主函数如下:
Nucleo例程
tiM_PWMOutput中4路PWM通道对应哪几个口?
/**
******************************************************************************
* @file TIM/TIM_PWMOutput/Src/main.c
* @author MCD Application Team
* @version V1.0.0
* @date 18-June-2014
* @brief This sample code shows how to use STM32F0xx TIM HAL API to generate
* 4 signals in PWM.
******************************************************************************
* @attention
*
* © COPYRIGHT(c) 2014 STMicroelectronics
*
* Redistribution and use in source and binary forms, with or without modification,
* are permitted provided that the following conditions are met:
* 1. Redistributions of source code must retain the above copyright notice,
* this list of conditions and the following disclaimer.
* 2. Redistributions in binary form must reproduce the above copyright notice,
* this list of conditions and the following disclaimer in the documentation
* and/or other materials provided with the distribution.
* 3. Neither the name of STMicroelectronics nor the names of its contributors
* may be used to endorse or promote products derived from this software
* without specific prior written permission.
*
* THIS SOFTWARE IS PROVIDED BY THE COPYRIGHT HOLDERS AND CONTRIBUTORS "AS IS"

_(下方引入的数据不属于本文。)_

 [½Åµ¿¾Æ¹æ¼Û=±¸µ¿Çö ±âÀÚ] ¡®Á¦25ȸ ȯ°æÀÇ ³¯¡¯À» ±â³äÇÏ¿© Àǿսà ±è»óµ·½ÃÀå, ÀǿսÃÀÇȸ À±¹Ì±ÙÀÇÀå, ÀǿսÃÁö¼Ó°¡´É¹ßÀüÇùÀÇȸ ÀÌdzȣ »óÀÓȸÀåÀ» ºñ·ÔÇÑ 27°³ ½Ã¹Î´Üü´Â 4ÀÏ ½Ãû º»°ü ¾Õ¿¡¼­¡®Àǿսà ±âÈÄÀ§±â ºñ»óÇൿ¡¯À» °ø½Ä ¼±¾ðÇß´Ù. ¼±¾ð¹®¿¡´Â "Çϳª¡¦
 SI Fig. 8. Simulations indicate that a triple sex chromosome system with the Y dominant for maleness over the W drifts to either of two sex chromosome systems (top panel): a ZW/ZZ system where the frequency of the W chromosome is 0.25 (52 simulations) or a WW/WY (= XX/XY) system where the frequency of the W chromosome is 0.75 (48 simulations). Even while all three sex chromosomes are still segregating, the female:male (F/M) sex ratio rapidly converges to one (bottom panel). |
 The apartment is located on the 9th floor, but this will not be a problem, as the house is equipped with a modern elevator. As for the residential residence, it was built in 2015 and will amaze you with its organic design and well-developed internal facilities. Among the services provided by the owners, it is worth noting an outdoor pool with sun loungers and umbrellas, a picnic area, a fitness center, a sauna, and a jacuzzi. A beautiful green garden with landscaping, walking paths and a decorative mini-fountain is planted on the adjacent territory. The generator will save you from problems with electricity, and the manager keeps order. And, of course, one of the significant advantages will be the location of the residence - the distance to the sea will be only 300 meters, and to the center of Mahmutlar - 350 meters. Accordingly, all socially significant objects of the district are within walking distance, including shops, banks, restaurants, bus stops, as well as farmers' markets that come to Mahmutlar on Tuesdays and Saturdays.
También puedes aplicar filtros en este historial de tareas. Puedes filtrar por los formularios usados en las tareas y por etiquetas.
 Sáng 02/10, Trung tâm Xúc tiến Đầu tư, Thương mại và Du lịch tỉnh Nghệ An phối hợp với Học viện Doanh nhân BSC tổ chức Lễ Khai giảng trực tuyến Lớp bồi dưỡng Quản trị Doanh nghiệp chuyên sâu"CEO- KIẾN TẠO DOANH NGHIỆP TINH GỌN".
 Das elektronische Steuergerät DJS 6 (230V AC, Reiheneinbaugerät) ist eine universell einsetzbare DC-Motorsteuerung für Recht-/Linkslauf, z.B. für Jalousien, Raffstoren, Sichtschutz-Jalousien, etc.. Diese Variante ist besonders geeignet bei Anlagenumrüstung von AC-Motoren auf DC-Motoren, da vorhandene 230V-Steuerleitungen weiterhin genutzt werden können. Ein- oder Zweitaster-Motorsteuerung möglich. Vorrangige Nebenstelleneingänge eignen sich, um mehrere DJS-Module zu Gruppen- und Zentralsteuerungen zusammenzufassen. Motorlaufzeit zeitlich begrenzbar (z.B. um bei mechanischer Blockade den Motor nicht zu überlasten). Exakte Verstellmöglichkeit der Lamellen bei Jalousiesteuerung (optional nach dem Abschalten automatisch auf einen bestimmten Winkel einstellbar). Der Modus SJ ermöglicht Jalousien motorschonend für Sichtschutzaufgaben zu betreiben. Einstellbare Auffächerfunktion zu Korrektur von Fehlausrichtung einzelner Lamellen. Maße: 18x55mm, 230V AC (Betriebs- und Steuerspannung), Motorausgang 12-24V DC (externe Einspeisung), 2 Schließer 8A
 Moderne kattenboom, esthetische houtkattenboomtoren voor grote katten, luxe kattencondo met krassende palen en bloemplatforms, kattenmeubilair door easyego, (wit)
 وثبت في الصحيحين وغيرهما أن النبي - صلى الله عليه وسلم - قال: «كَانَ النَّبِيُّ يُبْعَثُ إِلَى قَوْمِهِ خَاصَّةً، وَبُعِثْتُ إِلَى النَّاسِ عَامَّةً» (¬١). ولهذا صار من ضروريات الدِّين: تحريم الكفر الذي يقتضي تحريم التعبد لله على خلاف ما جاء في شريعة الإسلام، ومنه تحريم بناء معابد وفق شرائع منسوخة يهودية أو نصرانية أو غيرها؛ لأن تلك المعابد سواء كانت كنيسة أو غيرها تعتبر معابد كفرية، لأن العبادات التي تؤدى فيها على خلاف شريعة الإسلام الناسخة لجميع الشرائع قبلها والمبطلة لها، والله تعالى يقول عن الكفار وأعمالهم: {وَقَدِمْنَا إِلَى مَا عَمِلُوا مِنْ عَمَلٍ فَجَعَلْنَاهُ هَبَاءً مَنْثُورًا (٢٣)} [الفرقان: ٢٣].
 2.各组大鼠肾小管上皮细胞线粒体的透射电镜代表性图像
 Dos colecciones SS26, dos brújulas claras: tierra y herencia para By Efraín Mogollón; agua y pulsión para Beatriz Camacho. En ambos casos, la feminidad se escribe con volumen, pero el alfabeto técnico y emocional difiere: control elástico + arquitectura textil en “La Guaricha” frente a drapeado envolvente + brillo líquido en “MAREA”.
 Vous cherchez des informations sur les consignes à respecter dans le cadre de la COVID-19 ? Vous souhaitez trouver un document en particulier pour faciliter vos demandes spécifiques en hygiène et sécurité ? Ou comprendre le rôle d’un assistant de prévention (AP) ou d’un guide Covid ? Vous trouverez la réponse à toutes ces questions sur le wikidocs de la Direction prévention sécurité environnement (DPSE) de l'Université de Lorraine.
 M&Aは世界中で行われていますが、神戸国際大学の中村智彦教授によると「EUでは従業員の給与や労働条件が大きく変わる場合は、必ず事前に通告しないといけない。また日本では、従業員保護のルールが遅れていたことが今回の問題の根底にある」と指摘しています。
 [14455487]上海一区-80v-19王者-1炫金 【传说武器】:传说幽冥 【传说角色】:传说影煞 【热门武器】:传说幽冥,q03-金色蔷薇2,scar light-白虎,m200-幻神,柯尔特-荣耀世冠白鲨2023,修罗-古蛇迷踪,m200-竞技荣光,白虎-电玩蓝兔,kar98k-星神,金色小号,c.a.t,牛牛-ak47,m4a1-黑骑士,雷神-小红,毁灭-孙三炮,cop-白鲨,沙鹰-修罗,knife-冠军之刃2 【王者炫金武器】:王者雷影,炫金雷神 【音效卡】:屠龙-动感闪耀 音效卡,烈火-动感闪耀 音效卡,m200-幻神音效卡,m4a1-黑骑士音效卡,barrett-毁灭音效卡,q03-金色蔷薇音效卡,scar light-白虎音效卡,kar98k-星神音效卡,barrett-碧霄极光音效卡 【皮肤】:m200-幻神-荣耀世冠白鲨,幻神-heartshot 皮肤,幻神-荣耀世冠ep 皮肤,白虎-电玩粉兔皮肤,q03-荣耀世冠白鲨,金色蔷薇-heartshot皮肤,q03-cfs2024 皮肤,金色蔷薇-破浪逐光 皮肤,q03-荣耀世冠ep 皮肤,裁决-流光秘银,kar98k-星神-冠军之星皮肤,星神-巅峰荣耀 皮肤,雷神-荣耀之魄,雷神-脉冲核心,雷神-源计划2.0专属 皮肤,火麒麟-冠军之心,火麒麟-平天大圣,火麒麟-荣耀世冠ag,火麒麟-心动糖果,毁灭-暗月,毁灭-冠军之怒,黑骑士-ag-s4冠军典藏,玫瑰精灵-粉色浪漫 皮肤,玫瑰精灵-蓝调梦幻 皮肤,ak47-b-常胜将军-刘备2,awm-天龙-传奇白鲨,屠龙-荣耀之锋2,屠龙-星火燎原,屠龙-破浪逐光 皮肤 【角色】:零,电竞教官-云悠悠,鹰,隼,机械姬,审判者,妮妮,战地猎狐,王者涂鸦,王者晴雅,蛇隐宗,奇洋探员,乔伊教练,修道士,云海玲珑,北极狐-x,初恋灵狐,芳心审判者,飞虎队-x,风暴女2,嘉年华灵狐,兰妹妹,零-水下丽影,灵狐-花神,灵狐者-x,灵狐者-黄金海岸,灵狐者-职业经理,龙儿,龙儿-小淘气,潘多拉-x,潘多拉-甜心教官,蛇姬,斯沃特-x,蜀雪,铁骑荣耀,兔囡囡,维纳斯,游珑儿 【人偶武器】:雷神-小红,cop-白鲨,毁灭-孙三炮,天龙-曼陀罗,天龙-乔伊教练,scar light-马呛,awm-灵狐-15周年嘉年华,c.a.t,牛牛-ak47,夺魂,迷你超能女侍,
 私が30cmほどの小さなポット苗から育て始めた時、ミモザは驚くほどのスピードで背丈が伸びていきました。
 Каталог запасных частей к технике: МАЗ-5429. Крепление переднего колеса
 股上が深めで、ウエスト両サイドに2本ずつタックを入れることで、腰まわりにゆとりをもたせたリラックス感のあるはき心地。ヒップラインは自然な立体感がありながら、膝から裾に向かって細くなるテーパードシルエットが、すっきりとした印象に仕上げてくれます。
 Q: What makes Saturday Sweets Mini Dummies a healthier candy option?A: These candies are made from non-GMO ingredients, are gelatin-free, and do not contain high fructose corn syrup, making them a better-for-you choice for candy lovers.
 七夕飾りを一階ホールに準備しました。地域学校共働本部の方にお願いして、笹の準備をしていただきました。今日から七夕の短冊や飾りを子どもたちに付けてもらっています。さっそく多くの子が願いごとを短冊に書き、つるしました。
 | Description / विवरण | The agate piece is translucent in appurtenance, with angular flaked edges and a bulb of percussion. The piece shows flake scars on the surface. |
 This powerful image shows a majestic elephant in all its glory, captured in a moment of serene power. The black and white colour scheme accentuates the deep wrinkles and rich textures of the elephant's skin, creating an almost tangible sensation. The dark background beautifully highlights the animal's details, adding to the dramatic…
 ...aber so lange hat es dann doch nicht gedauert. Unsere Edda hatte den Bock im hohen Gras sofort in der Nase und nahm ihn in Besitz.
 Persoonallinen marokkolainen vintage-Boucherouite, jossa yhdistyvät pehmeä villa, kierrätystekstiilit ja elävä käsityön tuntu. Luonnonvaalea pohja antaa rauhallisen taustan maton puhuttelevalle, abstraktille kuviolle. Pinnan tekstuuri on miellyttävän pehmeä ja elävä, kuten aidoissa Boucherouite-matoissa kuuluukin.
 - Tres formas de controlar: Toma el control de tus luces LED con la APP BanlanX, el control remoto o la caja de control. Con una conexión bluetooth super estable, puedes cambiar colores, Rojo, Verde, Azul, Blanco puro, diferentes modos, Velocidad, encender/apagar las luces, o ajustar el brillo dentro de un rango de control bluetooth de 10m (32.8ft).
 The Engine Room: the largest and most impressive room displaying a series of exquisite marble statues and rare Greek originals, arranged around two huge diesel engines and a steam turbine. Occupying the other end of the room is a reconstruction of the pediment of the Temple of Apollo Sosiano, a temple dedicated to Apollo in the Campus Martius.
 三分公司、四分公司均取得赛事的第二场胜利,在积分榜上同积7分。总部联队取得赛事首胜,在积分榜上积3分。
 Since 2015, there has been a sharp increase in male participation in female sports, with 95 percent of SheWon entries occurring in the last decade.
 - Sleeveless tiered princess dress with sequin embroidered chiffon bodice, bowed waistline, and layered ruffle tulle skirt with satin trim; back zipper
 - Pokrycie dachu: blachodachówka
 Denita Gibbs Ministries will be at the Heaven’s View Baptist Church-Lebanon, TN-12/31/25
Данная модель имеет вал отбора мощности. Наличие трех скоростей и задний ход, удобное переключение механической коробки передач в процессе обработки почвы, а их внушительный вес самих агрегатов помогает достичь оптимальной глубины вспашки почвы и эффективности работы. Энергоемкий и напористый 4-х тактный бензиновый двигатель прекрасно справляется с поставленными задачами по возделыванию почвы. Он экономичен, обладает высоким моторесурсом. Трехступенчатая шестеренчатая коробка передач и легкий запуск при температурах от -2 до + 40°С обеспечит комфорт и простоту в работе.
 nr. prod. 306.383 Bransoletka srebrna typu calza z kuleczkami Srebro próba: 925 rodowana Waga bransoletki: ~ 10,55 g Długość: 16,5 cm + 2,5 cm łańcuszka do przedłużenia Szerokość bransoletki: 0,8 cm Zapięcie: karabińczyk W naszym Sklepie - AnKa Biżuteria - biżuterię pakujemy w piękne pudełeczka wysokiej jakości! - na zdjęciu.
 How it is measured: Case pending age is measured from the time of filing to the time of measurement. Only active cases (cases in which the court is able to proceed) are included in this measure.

* AND ANY EXPRESS OR IMPLIED WARRANTIES, INCLUDING, BUT NOT LIMITED TO, THE
* IMPLIED WARRANTIES OF MERCHANTABILITY AND FITNESS FOR A PARTICULAR PURPOSE ARE
* DISCLAIMED. IN NO EVENT SHALL THE COPYRIGHT HOLDER OR CONTRIBUTORS BE LIABLE
* FOR ANY DIRECT, INDIRECT, INCIDENTAL, SPECIAL, EXEMPLARY, OR CONSEQUENTIAL
* DAMAGES (INCLUDING, BUT NOT LIMITED TO, PROCUREMENT OF SUBSTITUTE GOODS OR
* SERVICES; LOSS OF USE, DATA, OR PROFITS; OR BUSINESS INTERRUPTION) HOWEVER
* CAUSED AND ON ANY THEORY OF LIABILITY, WHETHER IN CONTRACT, STRICT LIABILITY,
* OR TORT (INCLUDING NEGLIGENCE OR OTHERWISE) ARISING IN ANY WAY OUT OF THE USE
* OF THIS SOFTWARE, EVEN IF ADVISED OF THE POSSIBILITY OF SUCH DAMAGE.
*
******************************************************************************
*/
/* Includes ------------------------------------------------------------------*/
#include "main.h"
/** @addtogroup STM32F0xx_HAL_Examples
* @{
*/
/** @addtogroup TIM_PWMOutput
* @{
*/
/* Private typedef -----------------------------------------------------------*/
#define PERIOD_VALUE (uint32_t)(666 - 1) /* Period Value */
#define PULSE1_VALUE (uint32_t)(PERIOD_VALUE/2) /* Capture Compare 1 Value */
#define PULSE2_VALUE (uint32_t)(PERIOD_VALUE*37.5/100) /* Capture Compare 2 Value */
#define PULSE3_VALUE (uint32_t)(PERIOD_VALUE/4) /* Capture Compare 3 Value */
#define PULSE4_VALUE (uint32_t)(PERIOD_VALUE*12.5/100) /* Capture Compare 4 Value */
/* Private define ------------------------------------------------------------*/
/* Private macro -------------------------------------------------------------*/
/* Private variables ---------------------------------------------------------*/
/* Timer handler declaration */
TIM_HandleTypeDef TimHandle;
/* Timer Output Compare Configuration Structure declaration */
TIM_OC_InitTypeDef sConfig;
/* Counter Prescaler value */
uint32_t uhPrescalerValue = 0;
/* Private function prototypes -----------------------------------------------*/
static void SystemClock_Config(void);
static void Error_Handler(void);
/* Private functions ---------------------------------------------------------*/
/**
* @brief Main program.
* @param None
* @retval None
*/
int main(void)
{
/* STM32F0xx HAL library initialization:
- Configure the Flash prefetch
- Systick timer is configured by default as source of time base, but user
can eventually implement his proper time base source (a general purpose
timer for example or other time source), keeping in mind that Time base
duration should be kept 1ms since PPP_TIMEOUT_VALUEs are defined and
handled in milliseconds basis.
- Low Level Initialization
*/
HAL_Init();
/* Configure LED2 */
BSP_LED_Init(LED2);
/* Configure the system clock to 48 MHz */
SystemClock_Config();
/* Compute the prescaler value to have TIM2 counter clock equal to 16000000 Hz */
uhPrescalerValue = (uint32_t)(SystemCoreClock / 16000000) - 1;
/*##-1- Configure the TIM peripheral #######################################*/
/* -----------------------------------------------------------------------
TIM2 Configuration: generate 4 PWM signals with 4 different duty cycles.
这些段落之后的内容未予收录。